Study material:
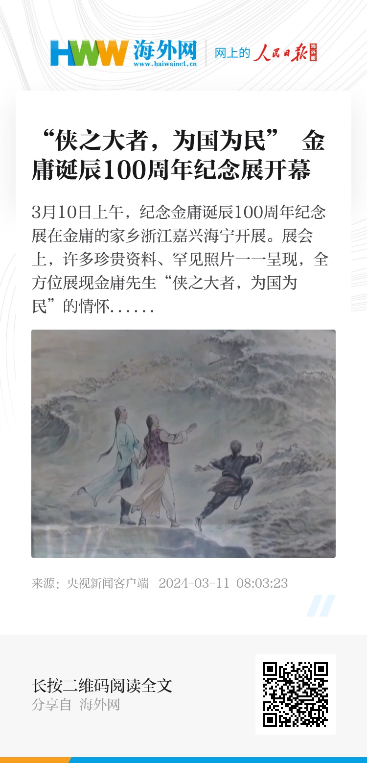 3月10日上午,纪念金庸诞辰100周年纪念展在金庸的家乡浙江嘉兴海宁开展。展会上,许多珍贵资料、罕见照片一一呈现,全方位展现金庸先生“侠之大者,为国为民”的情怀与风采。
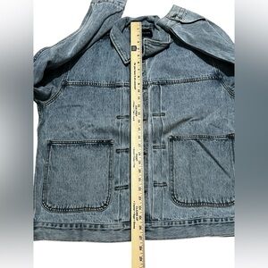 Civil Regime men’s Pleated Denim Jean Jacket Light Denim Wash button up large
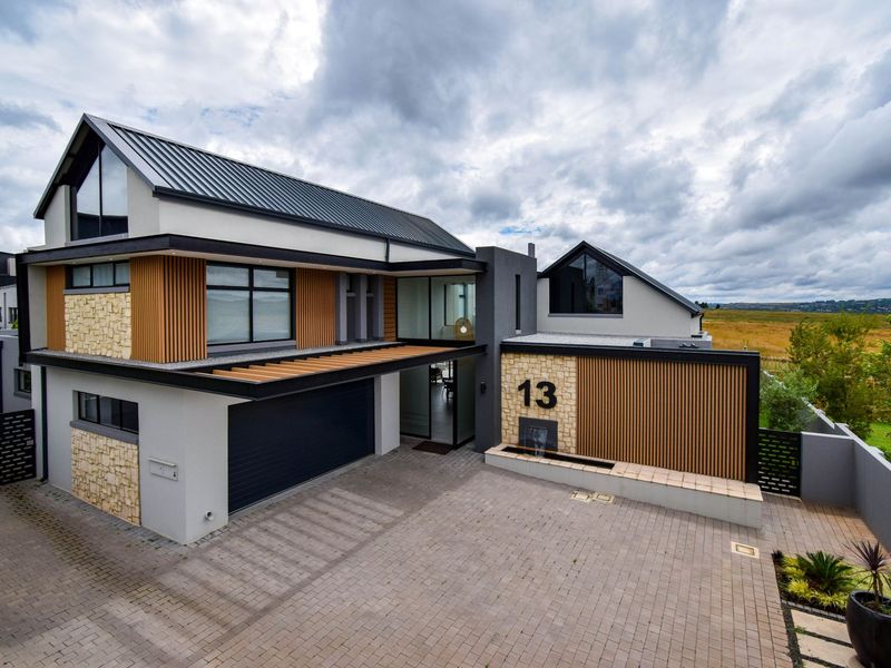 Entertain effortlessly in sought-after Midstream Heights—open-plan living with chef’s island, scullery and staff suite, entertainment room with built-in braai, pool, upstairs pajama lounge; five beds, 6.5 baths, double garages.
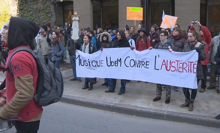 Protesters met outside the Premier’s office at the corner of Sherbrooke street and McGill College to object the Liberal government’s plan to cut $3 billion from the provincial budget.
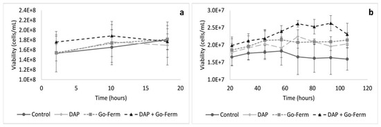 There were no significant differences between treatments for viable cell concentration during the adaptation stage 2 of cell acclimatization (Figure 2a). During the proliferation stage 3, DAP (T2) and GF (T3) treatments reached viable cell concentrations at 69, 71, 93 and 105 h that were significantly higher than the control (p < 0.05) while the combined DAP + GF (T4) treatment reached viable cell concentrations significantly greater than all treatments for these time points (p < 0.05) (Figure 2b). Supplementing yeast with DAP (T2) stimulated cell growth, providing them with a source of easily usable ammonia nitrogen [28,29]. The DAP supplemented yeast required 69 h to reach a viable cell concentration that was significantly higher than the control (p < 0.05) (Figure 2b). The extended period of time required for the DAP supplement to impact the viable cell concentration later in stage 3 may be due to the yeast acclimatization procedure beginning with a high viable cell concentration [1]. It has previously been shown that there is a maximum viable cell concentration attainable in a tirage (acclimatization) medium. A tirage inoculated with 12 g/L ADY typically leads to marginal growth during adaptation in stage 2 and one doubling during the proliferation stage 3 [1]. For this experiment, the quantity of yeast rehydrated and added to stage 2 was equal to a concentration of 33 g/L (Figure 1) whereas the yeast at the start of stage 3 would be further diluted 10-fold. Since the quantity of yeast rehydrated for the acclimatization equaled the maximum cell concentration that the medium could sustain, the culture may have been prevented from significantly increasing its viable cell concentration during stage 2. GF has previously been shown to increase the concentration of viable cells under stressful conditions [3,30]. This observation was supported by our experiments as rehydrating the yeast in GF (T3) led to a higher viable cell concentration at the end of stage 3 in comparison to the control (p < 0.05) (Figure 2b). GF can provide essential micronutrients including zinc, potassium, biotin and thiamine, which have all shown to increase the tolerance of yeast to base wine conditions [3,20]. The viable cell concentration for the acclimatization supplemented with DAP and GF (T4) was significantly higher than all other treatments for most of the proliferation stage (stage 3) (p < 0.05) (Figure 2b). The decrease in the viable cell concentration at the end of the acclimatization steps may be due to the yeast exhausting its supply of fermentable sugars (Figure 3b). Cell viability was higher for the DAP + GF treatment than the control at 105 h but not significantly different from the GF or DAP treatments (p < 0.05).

Exercise directions: Print the listing verbatim, images excluded.

Expected answer:
 3月10日上午,纪念金庸诞辰100周年纪念展在金庸的家乡浙江嘉兴海宁开展。展会上,许多珍贵资料、罕见照片一一呈现,全方位展现金庸先生“侠之大者,为国为民”的情怀与风采。
 Civil Regime men’s Pleated Denim Jean Jacket Light Denim Wash button up large
 Entertain effortlessly in sought-after Midstream Heights—open-plan living with chef’s island, scullery and staff suite, entertainment room with built-in braai, pool, upstairs pajama lounge; five beds, 6.5 baths, double garages.
 Protesters met outside the Premier’s office at the corner of Sherbrooke street and McGill College to object the Liberal government’s plan to cut $3 billion from the provincial budget.
 There were no significant differences between treatments for viable cell concentration during the adaptation stage 2 of cell acclimatization (Figure 2a). During the proliferation stage 3, DAP (T2) and GF (T3) treatments reached viable cell concentrations at 69, 71, 93 and 105 h that were significantly higher than the control (p < 0.05) while the combined DAP + GF (T4) treatment reached viable cell concentrations significantly greater than all treatments for these time points (p < 0.05) (Figure 2b). Supplementing yeast with DAP (T2) stimulated cell growth, providing them with a source of easily usable ammonia nitrogen [28,29]. The DAP supplemented yeast required 69 h to reach a viable cell concentration that was significantly higher than the control (p < 0.05) (Figure 2b). The extended period of time required for the DAP supplement to impact the viable cell concentration later in stage 3 may be due to the yeast acclimatization procedure beginning with a high viable cell concentration [1]. It has previously been shown that there is a maximum viable cell concentration attainable in a tirage (acclimatization) medium. A tirage inoculated with 12 g/L ADY typically leads to marginal growth during adaptation in stage 2 and one doubling during the proliferation stage 3 [1]. For this experiment, the quantity of yeast rehydrated and added to stage 2 was equal to a concentration of 33 g/L (Figure 1) whereas the yeast at the start of stage 3 would be further diluted 10-fold. Since the quantity of yeast rehydrated for the acclimatization equaled the maximum cell concentration that the medium could sustain, the culture may have been prevented from significantly increasing its viable cell concentration during stage 2. GF has previously been shown to increase the concentration of viable cells under stressful conditions [3,30]. This observation was supported by our experiments as rehydrating the yeast in GF (T3) led to a higher viable cell concentration at the end of stage 3 in comparison to the control (p < 0.05) (Figure 2b). GF can provide essential micronutrients including zinc, potassium, biotin and thiamine, which have all shown to increase the tolerance of yeast to base wine conditions [3,20]. The viable cell concentration for the acclimatization supplemented with DAP and GF (T4) was significantly higher than all other treatments for most of the proliferation stage (stage 3) (p < 0.05) (Figure 2b). The decrease in the viable cell concentration at the end of the acclimatization steps may be due to the yeast exhausting its supply of fermentable sugars (Figure 3b). Cell viability was higher for the DAP + GF treatment than the control at 105 h but not significantly different from the GF or DAP treatments (p < 0.05).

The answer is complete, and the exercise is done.